RELAXING trade restrictions between the US and the EU via the proposed Transatlantic Trade and Investment Partnership (TTIP) would have far-reaching benefits for the Scottish economy, allowing exports to flourish by removing prohibitive costs.

 

That is according to organisations including the Scottish North American Business Council (SNABC) and a Borders-based textile firm, who are due to put forward their thoughts on the matter at the Scottish Parliament today.

TTIP is currently being negotiated between the European Union and the United States, and looks to lift trade barriers across various economic sectors to facilitate the trade of goods and services between the two markets.

The Parliament's European and External Relations Committee (EERC) is to meet today to discuss the topic with business organisations and individual businesses, with witnesses including Allan Hogarth, executive director of the SNABC and representative for the Institute of Directors (IoD) in Scotland at the Scottish Parliamentary enquiry.

He said that as part of the British-American Business Council, the SNABC has strongly supported the partnership, and expects it to "significantly benefit companies on both sides of the Atlantic, providing a significant boost to both jobs and growth, benefiting Scottish businesses, workers and consumers alike".

Mr Hogarth added that the US remains the largest single export market for Scottish goods and services, with an estimated £3.5 billion of exports, accounting for over 12 per cent of all international exports from Scotland.

"Just imagine what 'Scotland plc' could achieve if we managed to achieve a successful TTIP trade agreement," he said, also noting that in a survey of more than 1,000 IoD members, 90 per cent said they backed the proposed partnership.

As for the impact on individual businesses, Hawick Knitwear, which describes itself as the UK's largest knitwear manufacturer by production terms, believes TTIP would considerably boost its US exports with a highly beneficial knock-on effect.

Its managing director Benny Hartop explained that it currently exports cashmere to US retail giant Brooks Brothers, with the buyer picking up the bill for the import tax of 4 per cent.

However, while 70 per cent of the Scottish firm's production relates to lambswool products, it does not export these to the US as they are subject to a 16 per cent import tax.

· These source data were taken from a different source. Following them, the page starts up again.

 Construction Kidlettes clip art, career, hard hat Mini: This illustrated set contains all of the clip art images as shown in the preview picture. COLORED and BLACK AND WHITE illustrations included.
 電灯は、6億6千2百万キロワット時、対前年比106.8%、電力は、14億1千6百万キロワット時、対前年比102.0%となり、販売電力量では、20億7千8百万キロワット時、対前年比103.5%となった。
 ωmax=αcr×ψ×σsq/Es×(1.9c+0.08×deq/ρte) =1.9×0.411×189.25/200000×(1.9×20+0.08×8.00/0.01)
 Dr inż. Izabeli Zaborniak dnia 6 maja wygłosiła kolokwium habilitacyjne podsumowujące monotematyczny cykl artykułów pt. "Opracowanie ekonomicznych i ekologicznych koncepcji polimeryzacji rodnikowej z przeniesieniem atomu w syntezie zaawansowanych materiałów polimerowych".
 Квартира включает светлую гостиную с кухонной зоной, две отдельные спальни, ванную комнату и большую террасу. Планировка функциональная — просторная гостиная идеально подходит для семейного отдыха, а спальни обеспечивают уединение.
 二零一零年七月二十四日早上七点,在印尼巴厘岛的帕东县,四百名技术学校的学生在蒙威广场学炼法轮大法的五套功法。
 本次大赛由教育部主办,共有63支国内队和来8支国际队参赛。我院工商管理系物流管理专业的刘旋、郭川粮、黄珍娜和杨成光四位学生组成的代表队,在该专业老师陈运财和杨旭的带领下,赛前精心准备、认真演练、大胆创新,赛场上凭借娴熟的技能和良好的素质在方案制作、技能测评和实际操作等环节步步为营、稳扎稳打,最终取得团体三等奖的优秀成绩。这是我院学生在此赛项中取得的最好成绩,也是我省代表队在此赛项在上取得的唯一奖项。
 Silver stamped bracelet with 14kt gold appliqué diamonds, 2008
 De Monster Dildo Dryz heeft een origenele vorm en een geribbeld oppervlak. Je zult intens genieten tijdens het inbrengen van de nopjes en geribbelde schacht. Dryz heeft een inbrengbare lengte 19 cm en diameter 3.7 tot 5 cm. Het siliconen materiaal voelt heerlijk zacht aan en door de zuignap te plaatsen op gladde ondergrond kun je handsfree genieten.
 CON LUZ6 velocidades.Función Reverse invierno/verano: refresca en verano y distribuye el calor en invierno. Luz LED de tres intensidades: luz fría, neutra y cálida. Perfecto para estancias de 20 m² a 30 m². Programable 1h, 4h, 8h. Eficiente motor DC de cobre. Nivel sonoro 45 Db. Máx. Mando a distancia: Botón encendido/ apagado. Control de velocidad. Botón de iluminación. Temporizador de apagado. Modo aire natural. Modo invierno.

Mr Hartop said the current levy on wool is "insurmountable" and prevents his business from exporting to a market where consumers really "buy into" the heritage of the firm's products, with the company using pure Scottish water in the manufacturing of its jumpers.

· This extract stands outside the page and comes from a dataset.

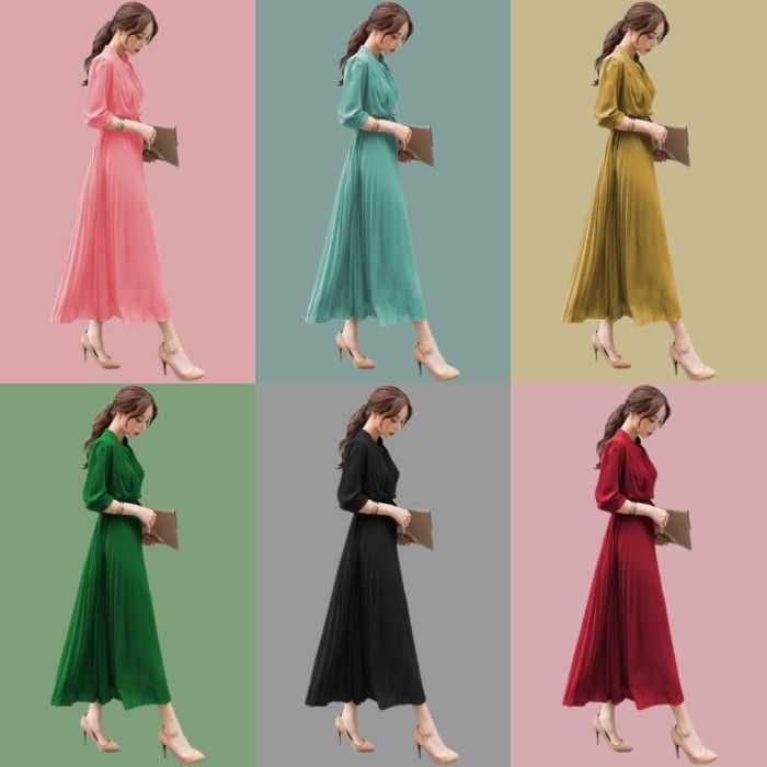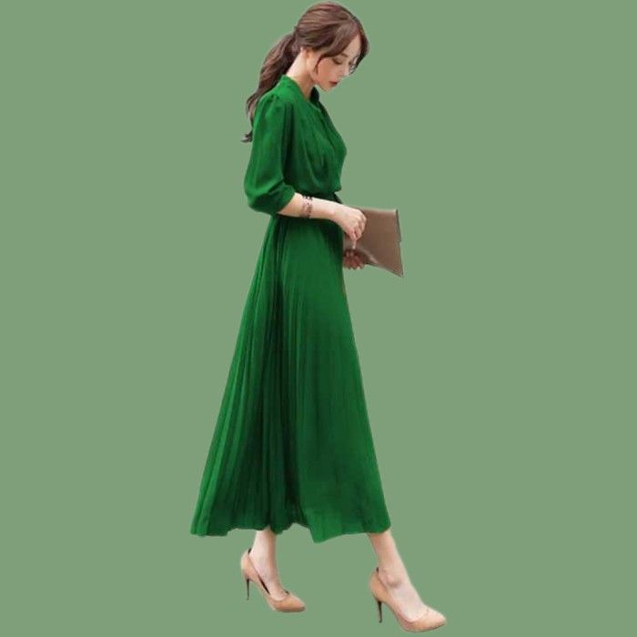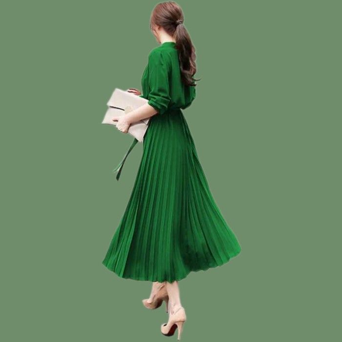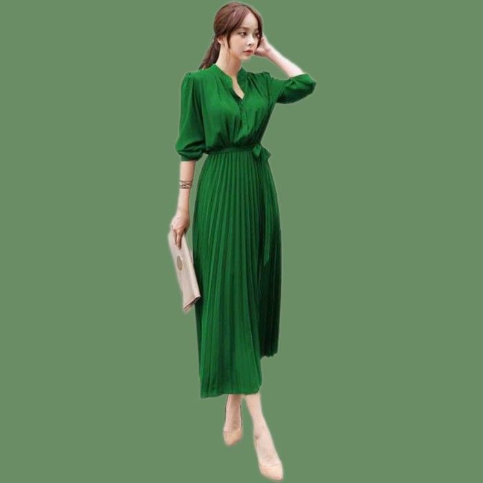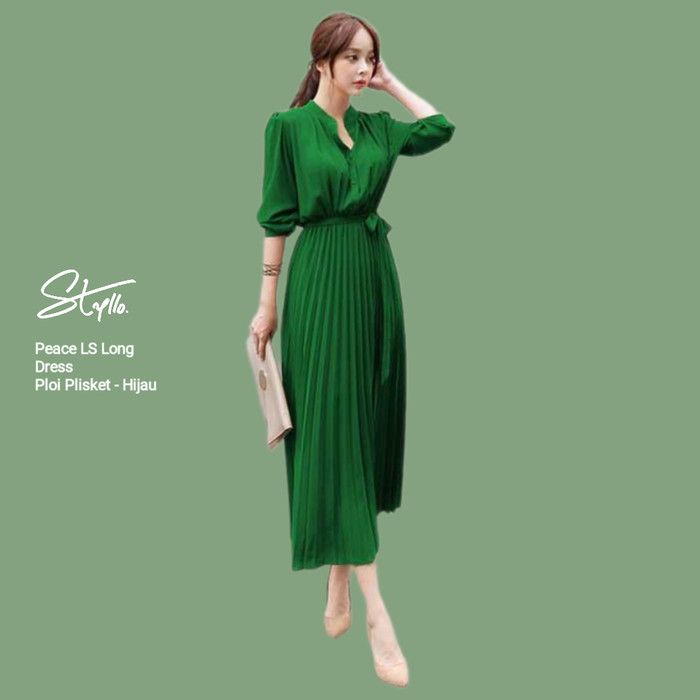 Long Dress Long Dress Lengan Panjang Motif Kancing Rok Ploi Plisket Korea - Hijau - Hijau Muda all size

TTIP going ahead could open up a significant new market for the firm, he said, adding that it is looking not just to expand its exports to Brooks Brothers but also develop its own private label in the US, and hoping that as part of the TTIP negotiations that the the import tariffs affecting his firm will be cut to zero.

However, he said 4 per cent would be a satisfactory level, and added that cutting import taxation would benefit not just his own company's revenues but his whole supply chain, and boost employment in the Borders.

All in all, it would "make for a fairer playing field and create a win-win-win situation," he said.

However, the partnership has received some opposition, with fears that benefits would be "minimal" and could lead to the privatisation of the NHS as well as threaten jobs.

Mr Hogarth however feels the proposed partnership is beneficial for Scotland, stating: "We see a TTIP-enabled Europe as one much more attractive to companies from both sides of the Atlantic interested in mutual trade and investment."

He added: "While there are plenty of encouraging success stories out there, many companies still face huge obstacles when doing business with the US. The smaller you are, the more these get in the way."

Additionally, he said that should TTIP go ahead, it could lead to other regions relaxing their own tariffs and enabling Scottish exports to grow, for example in the whisky market.

Following today's meeting, discussions are set to take place early next year with the European Commission, with the EERC to then "consider its next steps in relation to the issues raised".